• **What is required**: Reproduce the lines below exactly, from the one containing "常春藤盟校是指由哈佛大学、宾" through the one containing "辻希美(左起)、藤本美贵、吉", both included. Leave out any pictures.

• **Supplied records**:
##########
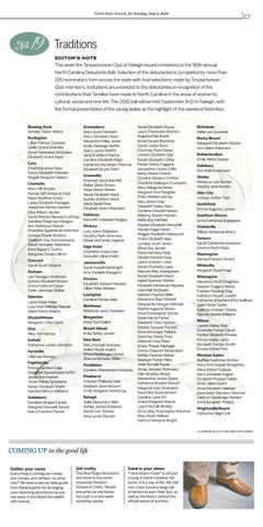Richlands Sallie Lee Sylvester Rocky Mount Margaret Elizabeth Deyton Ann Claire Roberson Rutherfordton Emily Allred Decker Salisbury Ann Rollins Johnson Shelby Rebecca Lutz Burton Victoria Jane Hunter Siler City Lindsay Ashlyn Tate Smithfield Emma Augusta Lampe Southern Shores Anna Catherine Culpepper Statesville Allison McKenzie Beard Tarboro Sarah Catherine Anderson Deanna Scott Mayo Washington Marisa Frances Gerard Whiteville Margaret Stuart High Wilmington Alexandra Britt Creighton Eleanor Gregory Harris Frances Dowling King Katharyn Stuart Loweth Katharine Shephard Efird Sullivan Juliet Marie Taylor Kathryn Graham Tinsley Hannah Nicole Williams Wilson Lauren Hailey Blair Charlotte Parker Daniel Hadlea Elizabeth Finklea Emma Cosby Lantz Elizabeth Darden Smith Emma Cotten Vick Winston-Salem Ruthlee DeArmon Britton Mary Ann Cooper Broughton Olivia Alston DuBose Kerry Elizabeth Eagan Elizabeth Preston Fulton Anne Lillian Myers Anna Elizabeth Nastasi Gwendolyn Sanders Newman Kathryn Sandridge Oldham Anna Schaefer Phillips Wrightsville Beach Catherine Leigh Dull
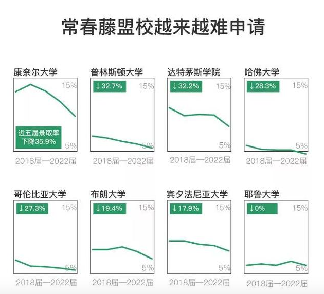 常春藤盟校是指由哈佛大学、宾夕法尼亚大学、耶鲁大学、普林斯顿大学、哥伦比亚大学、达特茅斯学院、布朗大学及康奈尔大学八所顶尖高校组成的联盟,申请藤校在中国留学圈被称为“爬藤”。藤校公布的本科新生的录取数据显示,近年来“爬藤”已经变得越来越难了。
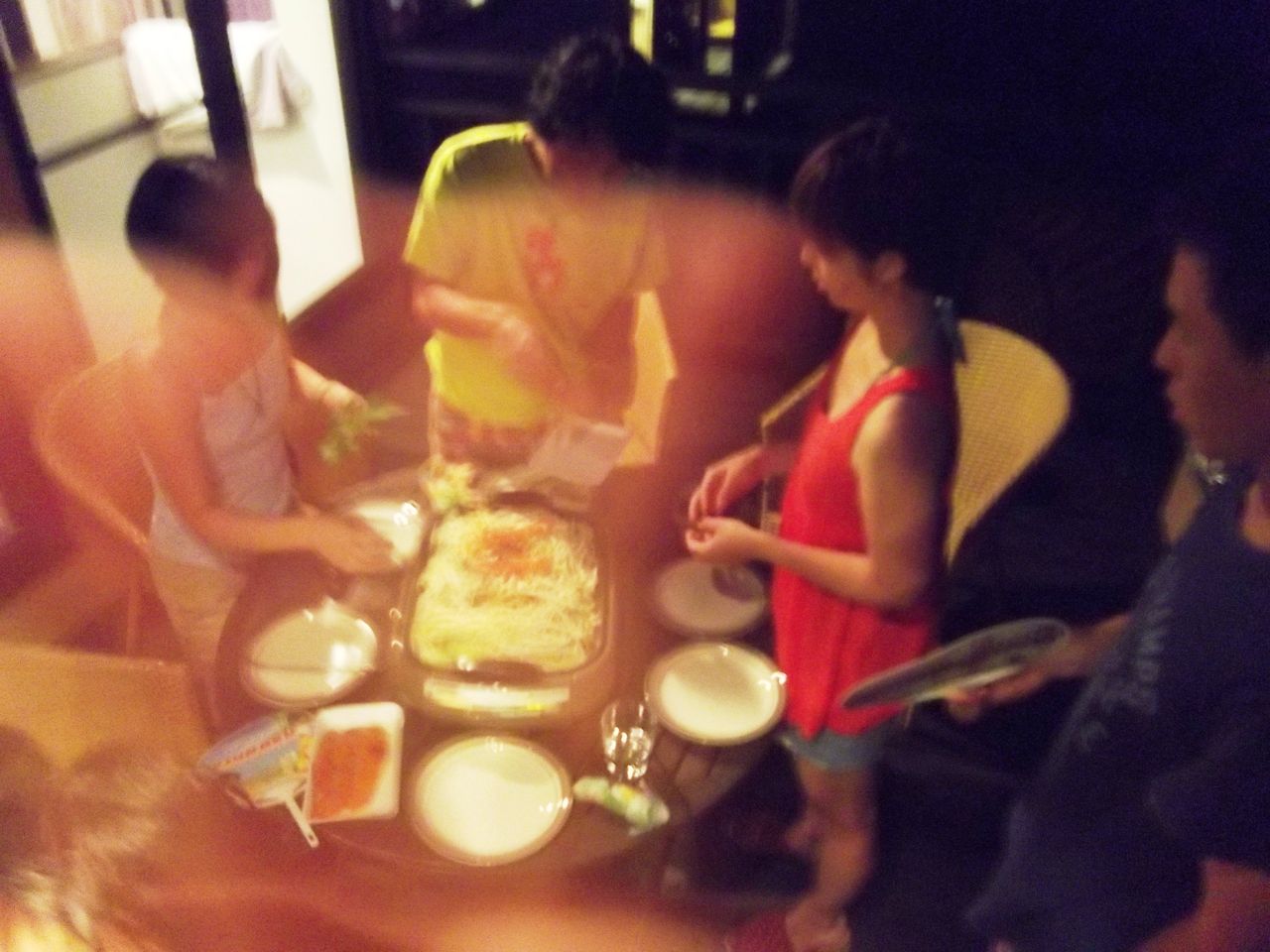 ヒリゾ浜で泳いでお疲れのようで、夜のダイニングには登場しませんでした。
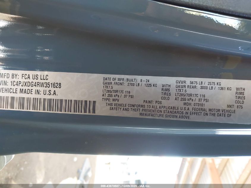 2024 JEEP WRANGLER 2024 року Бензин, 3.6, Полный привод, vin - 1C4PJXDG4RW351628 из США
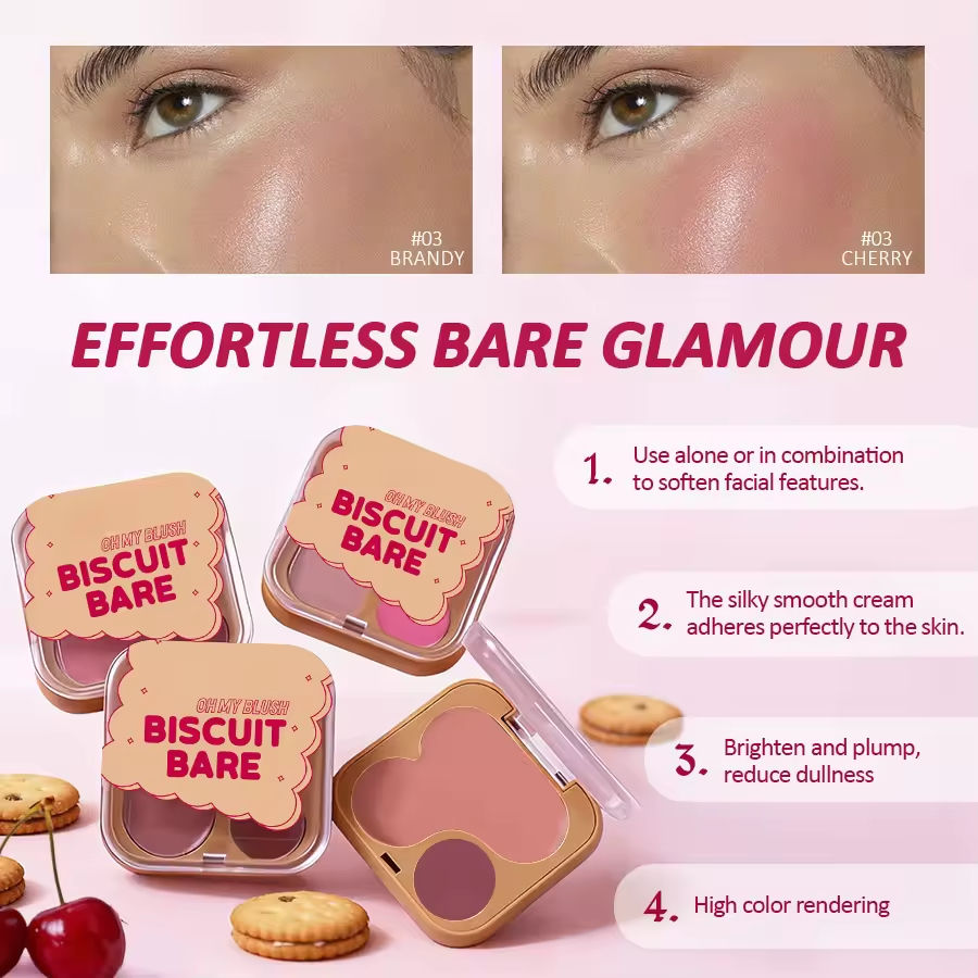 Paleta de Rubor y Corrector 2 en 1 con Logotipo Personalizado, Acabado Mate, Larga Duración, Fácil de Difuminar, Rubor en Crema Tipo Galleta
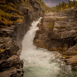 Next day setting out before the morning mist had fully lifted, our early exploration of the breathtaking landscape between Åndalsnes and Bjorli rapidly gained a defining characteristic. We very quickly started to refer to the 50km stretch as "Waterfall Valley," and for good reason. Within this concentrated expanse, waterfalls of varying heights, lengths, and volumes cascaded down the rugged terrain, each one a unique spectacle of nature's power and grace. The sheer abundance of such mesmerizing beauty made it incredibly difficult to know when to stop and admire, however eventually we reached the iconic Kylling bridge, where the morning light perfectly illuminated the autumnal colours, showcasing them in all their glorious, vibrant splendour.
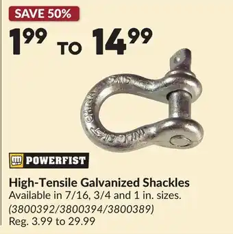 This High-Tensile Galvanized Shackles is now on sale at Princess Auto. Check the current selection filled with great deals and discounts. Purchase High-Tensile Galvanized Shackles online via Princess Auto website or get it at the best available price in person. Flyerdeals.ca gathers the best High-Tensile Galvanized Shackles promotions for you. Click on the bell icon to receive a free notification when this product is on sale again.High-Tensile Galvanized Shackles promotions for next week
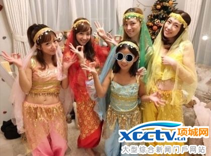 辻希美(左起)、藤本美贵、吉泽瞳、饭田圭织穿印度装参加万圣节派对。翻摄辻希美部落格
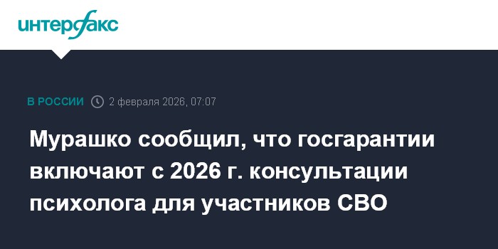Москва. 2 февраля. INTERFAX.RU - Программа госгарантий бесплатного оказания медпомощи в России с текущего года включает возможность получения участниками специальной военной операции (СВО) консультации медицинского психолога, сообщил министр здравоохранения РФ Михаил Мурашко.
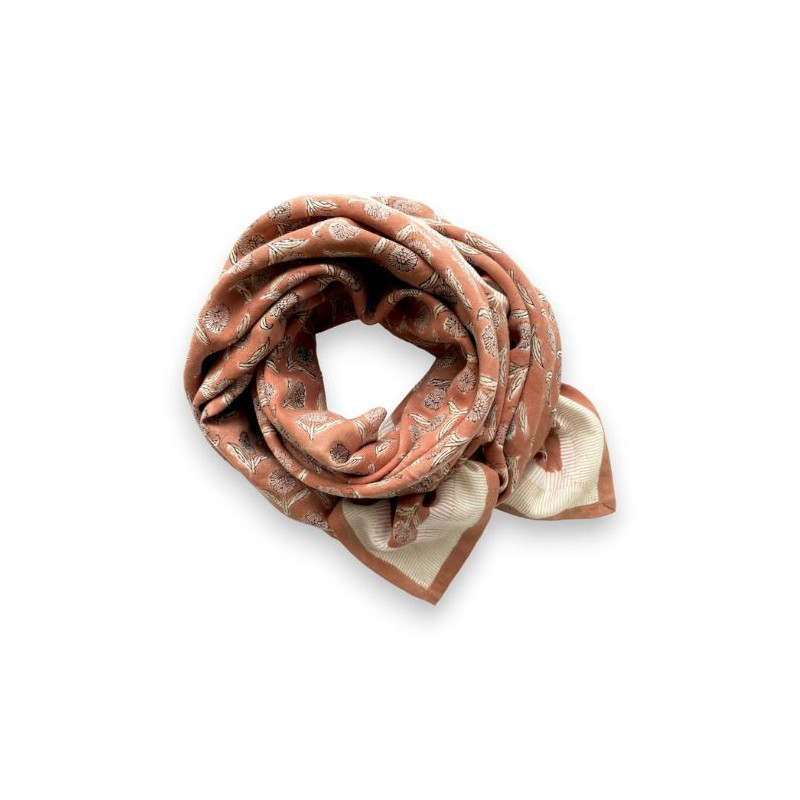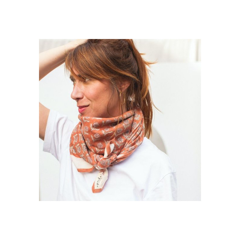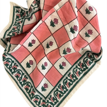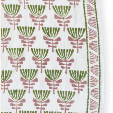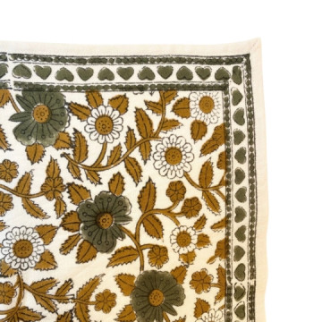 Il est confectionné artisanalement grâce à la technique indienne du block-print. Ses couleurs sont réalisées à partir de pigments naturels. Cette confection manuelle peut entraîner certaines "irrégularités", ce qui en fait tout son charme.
##########
• **Result of the exercise**:
 常春藤盟校是指由哈佛大学、宾夕法尼亚大学、耶鲁大学、普林斯顿大学、哥伦比亚大学、达特茅斯学院、布朗大学及康奈尔大学八所顶尖高校组成的联盟,申请藤校在中国留学圈被称为“爬藤”。藤校公布的本科新生的录取数据显示,近年来“爬藤”已经变得越来越难了。
 ヒリゾ浜で泳いでお疲れのようで、夜のダイニングには登場しませんでした。
 2024 JEEP WRANGLER 2024 року Бензин, 3.6, Полный привод, vin - 1C4PJXDG4RW351628 из США
 Paleta de Rubor y Corrector 2 en 1 con Logotipo Personalizado, Acabado Mate, Larga Duración, Fácil de Difuminar, Rubor en Crema Tipo Galleta
 Next day setting out before the morning mist had fully lifted, our early exploration of the breathtaking landscape between Åndalsnes and Bjorli rapidly gained a defining characteristic. We very quickly started to refer to the 50km stretch as "Waterfall Valley," and for good reason. Within this concentrated expanse, waterfalls of varying heights, lengths, and volumes cascaded down the rugged terrain, each one a unique spectacle of nature's power and grace. The sheer abundance of such mesmerizing beauty made it incredibly difficult to know when to stop and admire, however eventually we reached the iconic Kylling bridge, where the morning light perfectly illuminated the autumnal colours, showcasing them in all their glorious, vibrant splendour.
 This High-Tensile Galvanized Shackles is now on sale at Princess Auto. Check the current selection filled with great deals and discounts. Purchase High-Tensile Galvanized Shackles online via Princess Auto website or get it at the best available price in person. Flyerdeals.ca gathers the best High-Tensile Galvanized Shackles promotions for you. Click on the bell icon to receive a free notification when this product is on sale again.High-Tensile Galvanized Shackles promotions for next week
 辻希美(左起)、藤本美贵、吉泽瞳、饭田圭织穿印度装参加万圣节派对。翻摄辻希美部落格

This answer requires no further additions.